OSPF should not reconverge because of BGP flapping per your described config
though.
 

Scott Morris, CCIE4 (R&S/ISP-Dial/Security/Service Provider) #4713, JNCIE-M
#153, JNCIS-ER, CISSP, et al.
CCSI/JNCI-M/JNCI-ER
VP - Technical Training - IPexpert, Inc.
IPexpert Sr. Technical Instructor

A Cisco Learning Partner - We Accept Learning Credits!

smorris@ipexpert.com

 

Telephone: +1.810.326.1444
Fax: +1.810.454.0130
http://www.ipexpert.com

 

  _____

From: ccie ccie [mailto:cciefun@gmail.com]
Sent: Saturday, December 08, 2007 3:07 AM
To: smorris@ipexpert.com
Cc: Cisco certification
Subject: Re: Real world Scnario...Need Help...Lossing $$$

Hi Scott,
 
  Thanks for your reply. I cant do "debug ip rpouting"
 
1. Because we have lots of OSPF routes in the routing table.
2. If single BGP flap unfortunately the same time when i am doing debugging.
Sure i will have to face BIG problem. So i cant go for this.
 
Is any other way i can find out the BGP routing loop only using show
command?
Will CPU span wil help?
 
{ In many cases i have observed that only EBGP session flap when CPU spike
97-99%, IBGP session doesn't flap. Can you please put some light on this.}
 
Regards
Mike

 
On 12/8/07, Scott Morris <smorris@ipexpert.com> wrote:

Do a "debug ip routing" on the 6500's. If you are just getting a default
route, not that much should change. However, I think you have introduced a
BGP routing loop. You'll see some messages about which route is causing
recursion and therefore killing the sessions if I'm right.
 
Scott
 
 

  _____

From: ccie ccie [mailto:cciefun@gmail.com]
Sent: Friday, December 07, 2007 10:01 PM
To: smorris@ipexpert.com
Subject: Re: Real world Scnario...Need Help...Lossing $$$

 

Hi All,
 
 
What SUP are you running on the 6500's? ==> Sup 720
 
 how much memory?
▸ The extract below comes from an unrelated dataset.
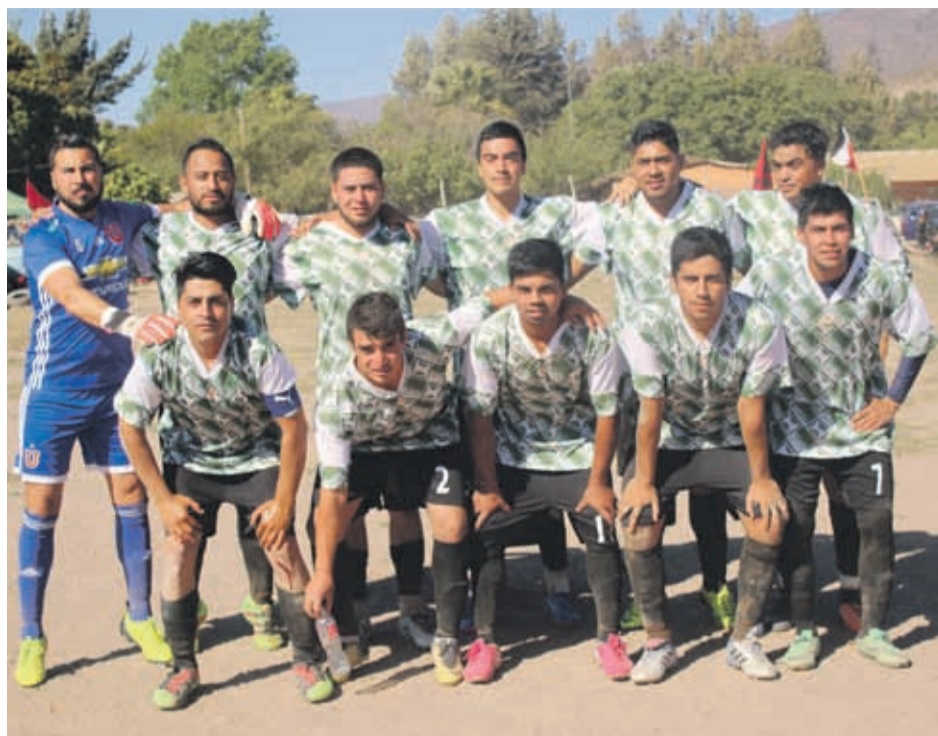
Juventud Unida buscará hacerse fuerte otra vez como local.

-Luego de ser campeones en 2018, ¿sienten la res-

Not in office need to check that but sure more more than
128MB. They have set good standard for memory/enggeering IOS etc.
 
 What does "sh proc cpu" look like? EBGP hold time expire (hello 2 , hod
time is 6sec) & its come up immegiately. In "sh proc cpu his" the flap time
matches to cpu spike. CPU spike when flap happen mostly between 97-99% only
for few second.
 
 Are you getting any log messages on your switch (e.g. are you SURE you
aren't getting full routes or trying to?)--Only default BGP route from
Juniper router.
 
What i have checked,
 
1. BW on link to Juniper & Core sw 2 is OK
2. CPU is 20% all time mostly
3. Log all clear except BGP hold timer expire when flap
4. No input output interface drop on Core sw2 to juniper interface
5. IBGP session between both switches, never falp. Only EBGP session flap
with BOTH juniper. ( So juniper is not culprit as usual.)
6. I suspect some kind of traffic from LAN or WAN hitting causing the few
second spike in CPU which turn to EBGP session flap on core switch 2. My
observation in all DC of my company, whenever the CPU hits to 97-99% only
EBGP session flap & IBGP as well as OSPF keep clam.
 
The reason EBGP flap is due to MTU mismatch on uplink that is also not
there.
 
Thanks in advance for any kind on help.
 
Regards,
Mike
 
 
 
 

 
On 12/8/07, Scott Morris <smorris@ipexpert.com
<mailto:smorris@ipexpert.com> > wrote:

What SUP are you running on the 6500's? how much memory? What does "sh
proc cpu" look like? Are you getting any log messages on your switch ( e.g.
are you SURE you aren't getting full routes or trying to?)

Scott

-----Original Message-----
From: nobody@groupstudy.com [mailto: <mailto:nobody@groupstudy.com>
nobody@groupstudy.com] On Behalf Of ccie
ccie
Sent: Friday, December 07, 2007 12:42 PM
To: Cisco certification
Subject: Real world Scnario...Need Help...Lossing $$$

Hi Tech Lover,

                                             Juniper R1
Juniper J2 <---- Connect to BB
router as well as this router face the internet world.
                                                 | | / / \ \
| | <--- Each EBGP
session with hello 2 Hold 6 running on each physical link. OPSF is also
running on same link.
       Server Iron LB ======= 6500 sw1 ---ibgp---
6500 sw2 ====Server Iron LB
                                                 | | / / \ \
| | <--- Physical
link are L2 port channel
                                            4948 sw1 4948 sw2

This is an scnario, where i need your help. We cant run EBGP on loopback
due to some architecturial concern. Problem with only EBGP session on core
sw2.

Our EBGP session only on core switch 2 with Juniper 1 & 2 flap with few
irregular hours. IBGP session between core switch 1 & 2 never flap. We are
get hell lot of traffic. This site run multicast ( but sure that could not
be problem) servers, web server, DB server etc. Core sw1 session are always
stable. OSPF neighborship on both switch to Juniper BB router is up snce
more than 1 yrs.

1. BW on link is not high.
2. CPU show 99% spike when BGP falp. CPU cause BGP flap i think so. ( I dont

think BGP flap can cause of CPU spike.)
3 Core switch is not having full BGP route.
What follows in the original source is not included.